Re: [PATCH 38/94] mm/gup: Add mm_populate_vma() for use when the vma is known

From: Matthew Wilcox
Date: Mon May 03 2021 - 12:02:32 EST


On Mon, May 03, 2021 at 03:53:58PM +0000, Liam Howlett wrote:
> * Michel Lespinasse <michel@xxxxxxxxxxxxxx> [210501 01:13]:
> > On Wed, Apr 28, 2021 at 03:36:08PM +0000, Liam Howlett wrote:
> > > When a vma is known, avoid calling mm_populate to search for the vma to
> > > populate.
> > >
> > > Signed-off-by: Liam R. Howlett <Liam.Howlett@xxxxxxxxxx>
> > > ---
> > > mm/gup.c | 20 ++++++++++++++++++++
> > > mm/internal.h | 4 ++++
> > > 2 files changed, 24 insertions(+)
> > >
> > > diff --git a/mm/gup.c b/mm/gup.c
> > > index c3a17b189064..48fe98ab0729 100644
> > > --- a/mm/gup.c
> > > +++ b/mm/gup.c
> > > @@ -1468,6 +1468,26 @@ long populate_vma_page_range(struct vm_area_struct *vma,
> > > NULL, NULL, locked);
> > > }
> > >
> > > +/*
> > > + * mm_populate_vma() - Populate a single range in a single vma.
> > > + * @vma: The vma to populate.
> > > + * @start: The start address to populate
> > > + * @end: The end address to stop populating
> > > + *
> > > + * Note: Ignores errors.
> > > + */
> > > +void mm_populate_vma(struct vm_area_struct *vma, unsigned long start,
> > > + unsigned long end)
> > > +{
> > > + struct mm_struct *mm = current->mm;
> > > + int locked = 1;
> > > +
> > > + mmap_read_lock(mm);
> > > + populate_vma_page_range(vma, start, end, &locked);
> > > + if (locked)
> > > + mmap_read_unlock(mm);
> > > +}
> > > +
> >
> > This seems like a nonsensical API at first glance - VMAs that are found
> > in the vma tree might be modified, merged, split, or freed at any time
> > if the mmap lock is not held, so the API can not be safely used. I think
> > this applies to maple tree vmas just as much as it did for rbtree vmas ?
>
> This is correct - it cannot be used without having the mmap_sem lock.
> This is a new internal mm code API and is used to avoid callers that use
> mm_populate() on a range that is known to be in a single VMA and already
> have that VMA. So instead of re-walking the tree to re-find the VMAs,
> this function can be used with the known VMA and range.
>
> It is used as described in patch 39 and 40 of this series.
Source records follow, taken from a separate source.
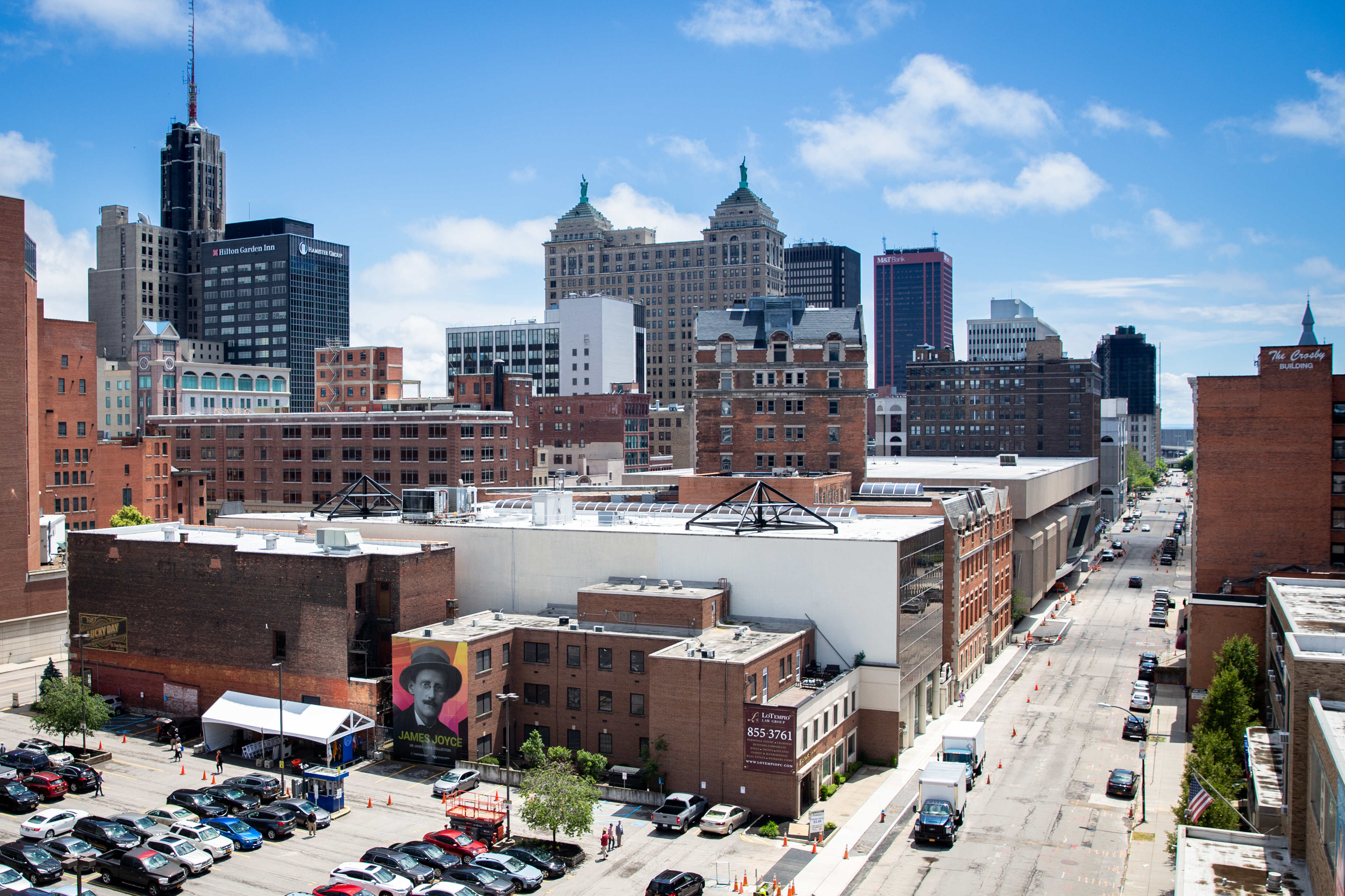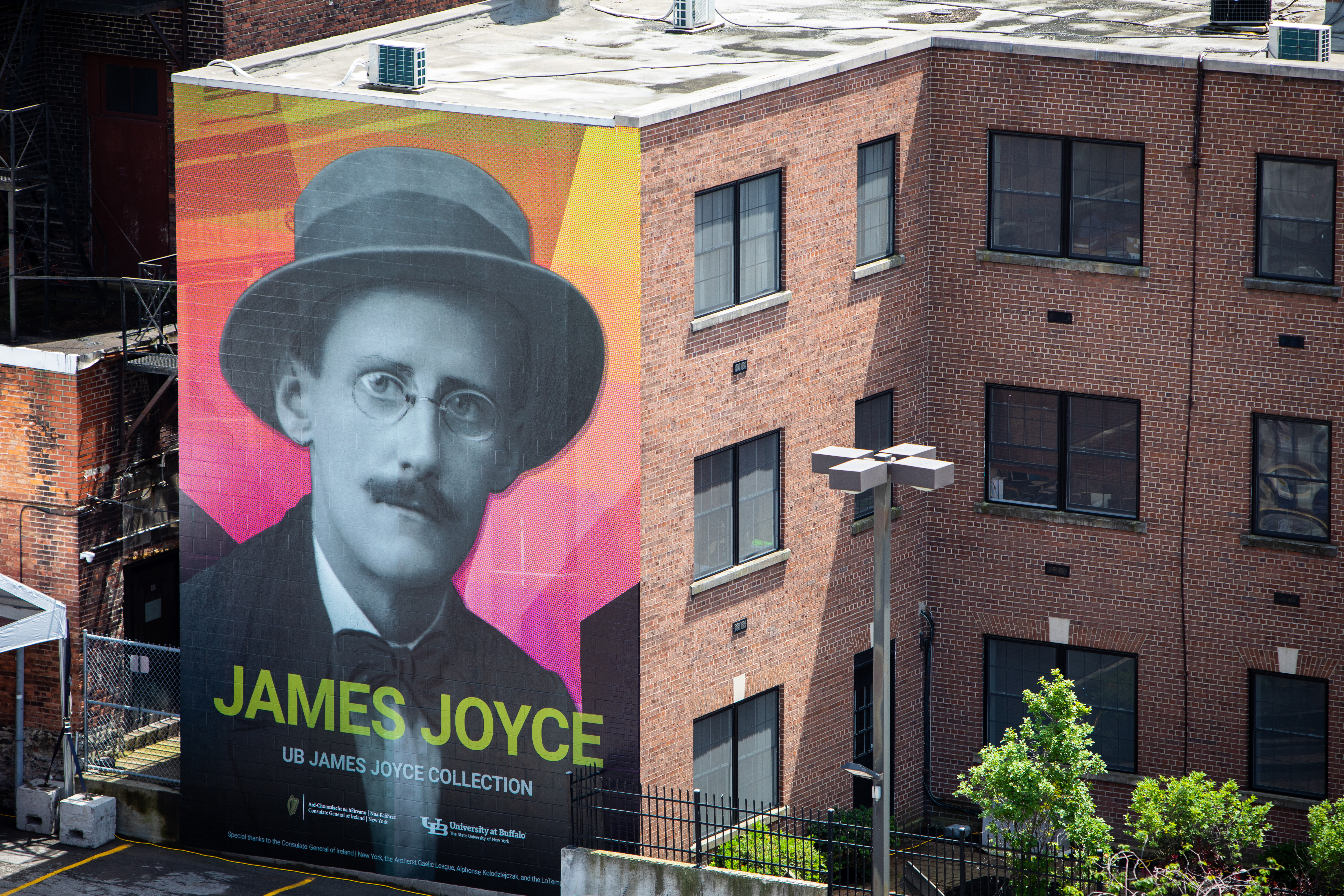 The mural, based on an archival photograph of Joyce from the UB James Joyce Collection, was designed by Kristopher Miller, UB Libraries web manager and lead designer, and installed by Rory Allen, owner of Buffalo-based ZoomCopy.com. UB alumnus Frank LoTempio III, JD, and the LoTempio family donated use of the LoTempio P.C. Law Group building.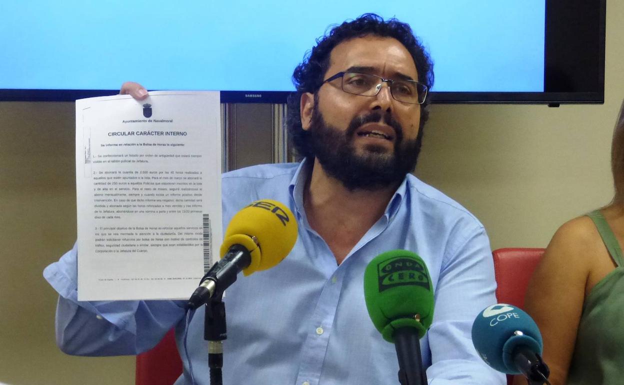 Jaime Vega muestra una circular en la que la alcaldesa se compromete a abonar 2.500 euros por 40 horas extraordinarias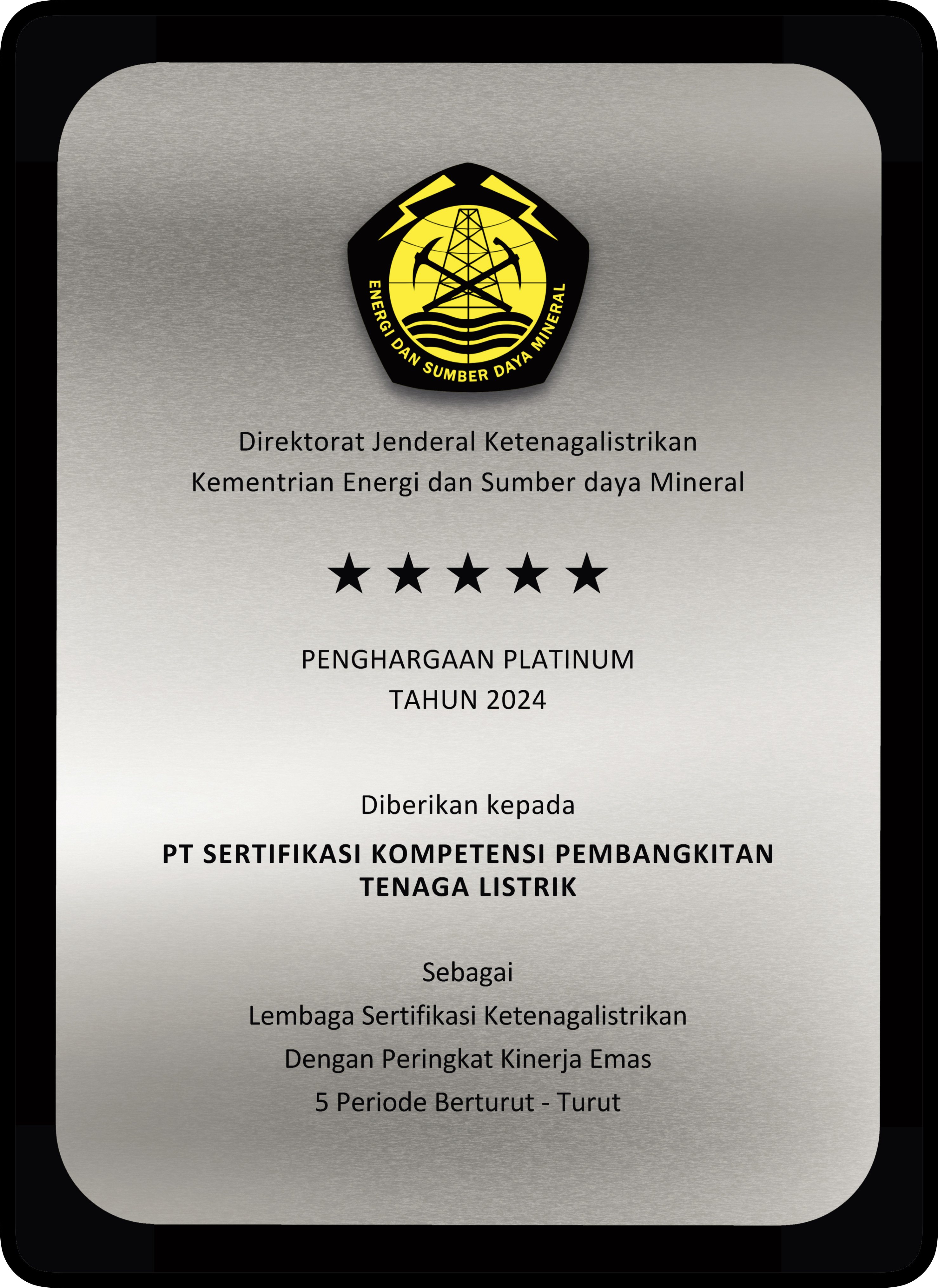 Sertifikat Penghargaan Kinerja Lembaga Sertifikasi Ketenagalistrikan Periode 2023-2024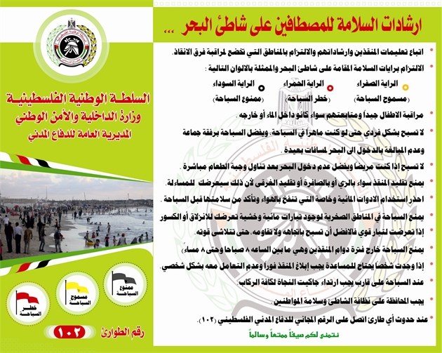 أصدرت المديرية العامة للدفاع المدني بوزارة الداخلية سلسلة إرشادات السلامة للمصطافين على شاطئ البحر في قاع غزة خلال فصل الصيف دعت فيها المواطنين لإتباع تعليمات المنقذين وإرشاداتهم والالتزام بالمناطق التي تخضع لمراقبة فرق الإنقاذ.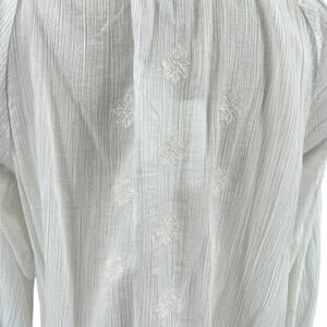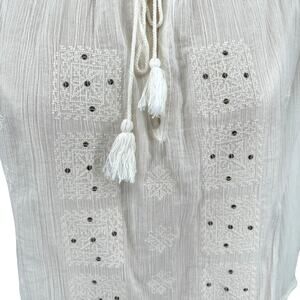 100% cotton. Keyhole front with tassel fringe trimmed tie closure. Embroidery throughout. Beaded accent. Ruching on the shoulders. Size small new with tags. Lane flat it measures approximately 20 inches armpit to armpit and the length from the top of the shoulder down the back is 26 inches.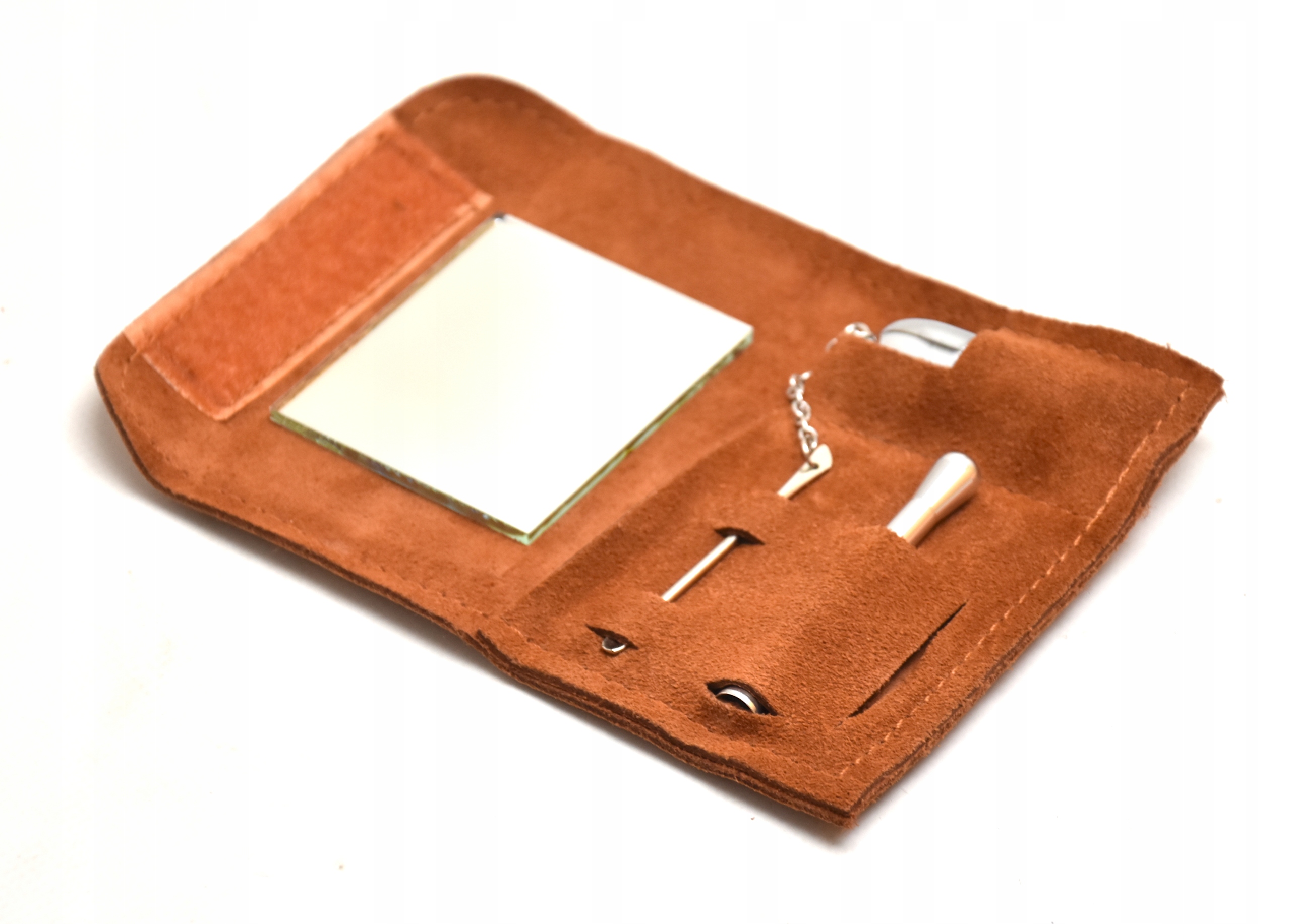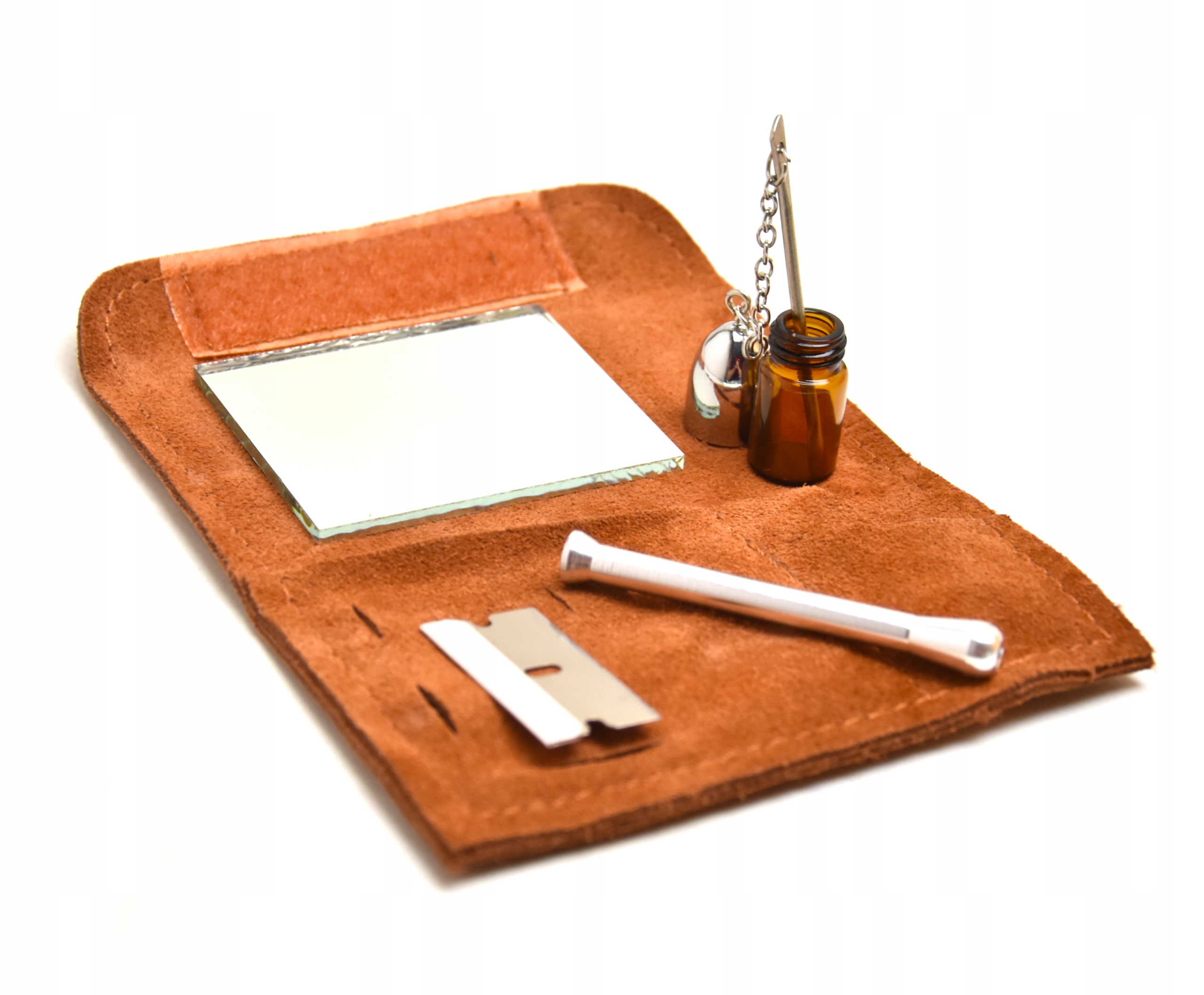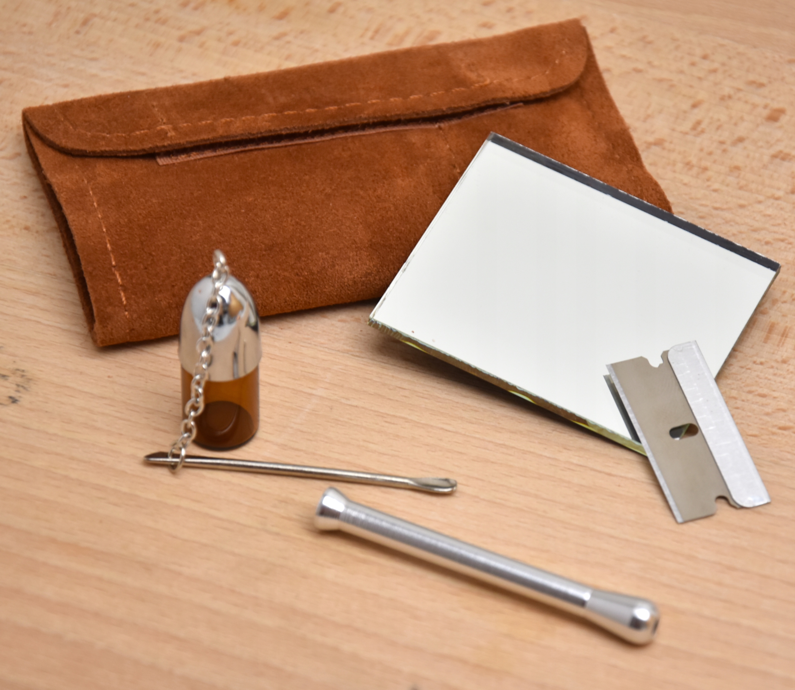 - В набор входят такие полезные инструменты, как трубка, емкость, ложка, лезвие и зеркало, и все это в чудесном замшевом футляре.

In patch 39, what you do is:

1 Take the mmap_sem for write
2 do stuff
3 Drop the mmap_sem
4 Call mm_populate_vm() with the vma, which takes the mmap_sem
for read

The problem is that between 3 & 4, a racing thread might cause us to free
the vma and so we've now passed a bogus pointer into mm_populate_vm().

What we need instead is to downgrade the mmap_sem from write to read at
step 3, so the vma is guaranteed to still be good.